LPS and CpG DNA have differing toxicities in vivo. Administration of LPS can lead to fever, shock, and multiorgan failure resulting in death. There are no reports of toxicity of bacterial DNA alone, although pretreatment of mice with Escherichia coli DNA can enhance the toxicity of LPS in vivo (33), probably by the induction of IFN-{gamma}. Even phosphorothioate-stabilized CpG oligonucleotides have minimal toxicity (4). The relative nontoxicity of CpG DNA is an attractive feature for its use as a vaccine adjuvant and for other therapeutic strategies.

Analysis of macrophage gene expression in vitro has suggested that the differing toxicities of LPS and CpG DNA may be due to both qualitative and quantitative differences in cytokine gene induction.
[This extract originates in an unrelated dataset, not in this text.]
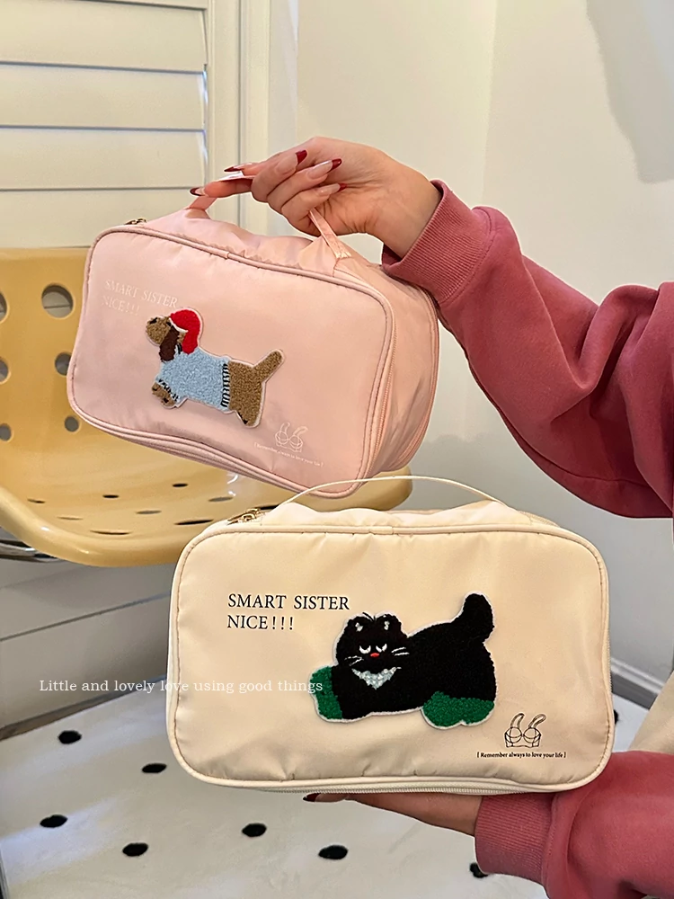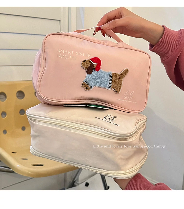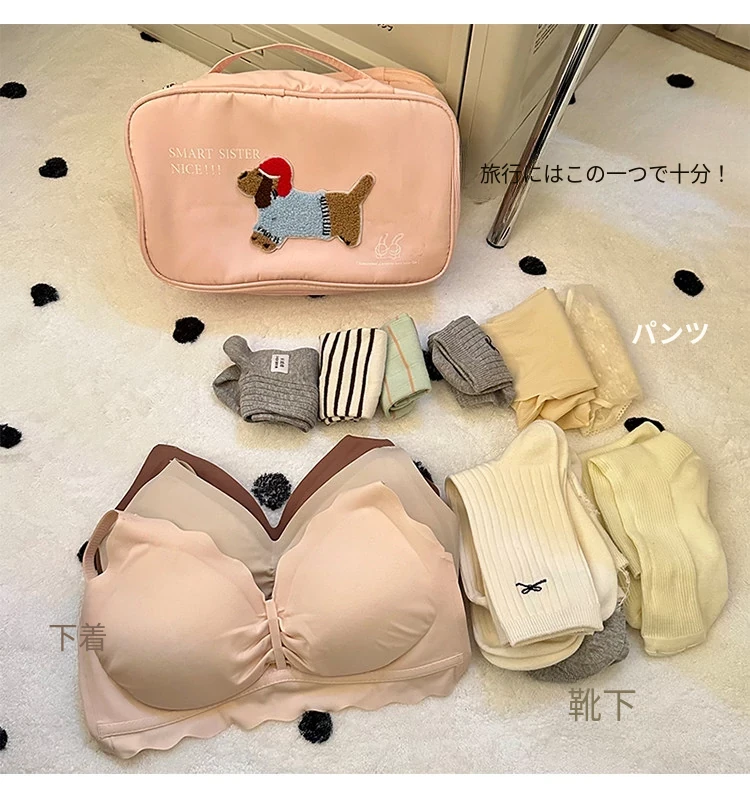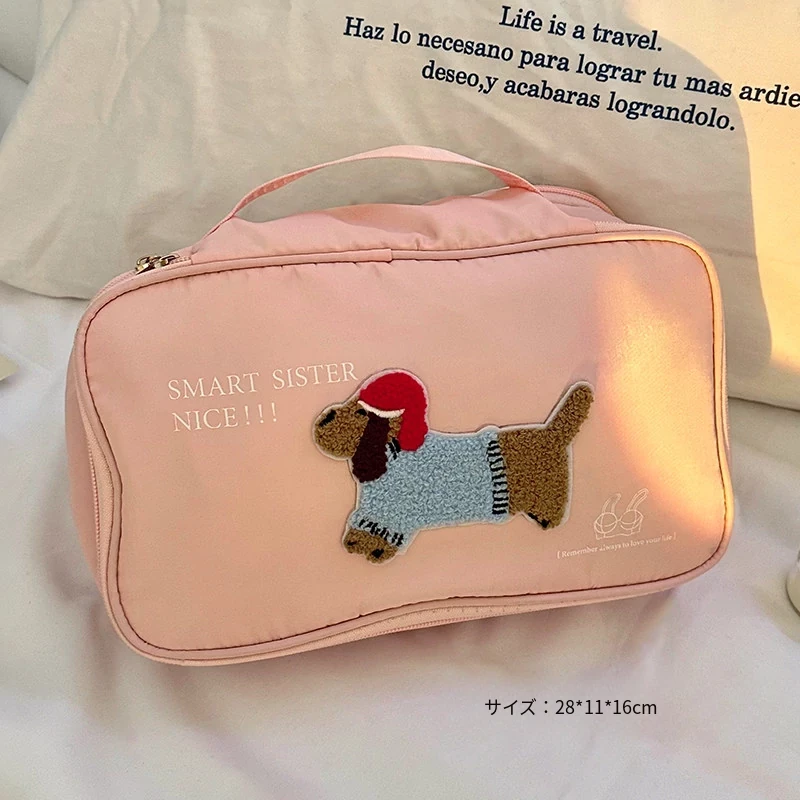 ピンク+赤い帽子の犬【大容量丨分区収納】

For example, CpG DNA was a relatively poor stimulus for IL-1{beta} (21), and LPS but not CpG DNA stimulated NO production from macrophages without IFN-{gamma} priming (21, 22). However, the situation in vivo is likely to be more complex due to the presence of many other cytokines, which will modify the responses to LPS and CpG DNA. Here, we have found that CSF-1, which is present constitutively in vivo and is a macrophage growth and survival factor, differentially affects the responses to LPS and CpG DNA. In the presence of CSF-1, the LPS response was elevated and the CpG DNA response suppressed so that LPS became far more effective than CpG DNA at stimulating IL-6, IL-12, and TNF-{alpha} production from BMMs (62-, 27-, and 23-fold, respectively).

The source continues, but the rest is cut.